Willett’s idea was picked up a few years later by the Germans who used it during World War I as a way to save on coal use. Other countries would soon follow suit.
In the U.S., DST was signed into law by President Woodrow Wilson in 1918.
Why did the U.S. do it?
The idea of setting clocks ahead in the spring was pitched as a way to help farmers with crops and harvesting. In reality, it was department stores behind the push for adjusting clocks, looking for another hour of shopping time in the afternoon and evenings.
Others have argued that DST saves energy. A 1975 study by the U.S. Department of Transportation showed that DST accounted for a savings of about one percent a day in electricity use.

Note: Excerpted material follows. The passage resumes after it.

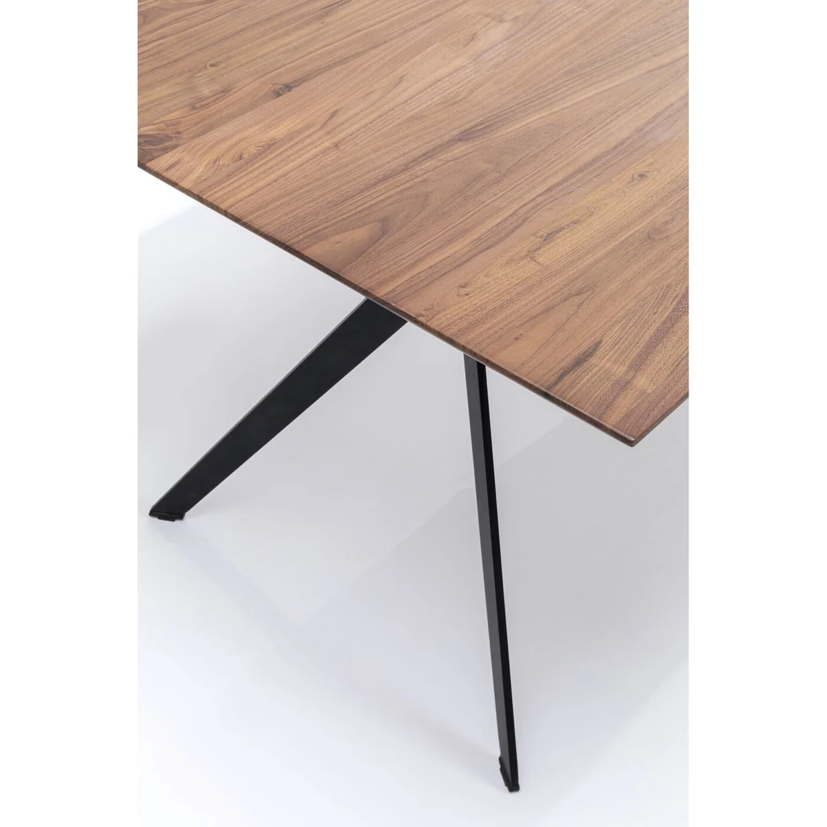 Experience the elegance of the Downtown Dining Table in walnut solid wood, featuring a striking black steel base and generous 180x90cm size. This modern dining table brings natural character and sophistication to your contemporary dining room with its unique wood grain and premium craftsmanship.

While most of the country and about 40 percent of the world use DST, there are some exceptions. Two states – Arizona and Hawaii – and several territories don’t fall back or spring forward with DST.
Will we keep it?
It’s likely that most U.S. states will continue the practice of changing the clock twice a year, though some state legislatures have discussed ending the practice.
Californians will vote Nov. 6 on a proposition to keep Daylight Saving Time year-round. Florida Gov. Rick Scott signed a bill passed overwhelmingly by the Florida Legislature that would keep the Sunshine State on DST year-round.
However, keeping DST year-round requires a vote of Congress, and that has not happened.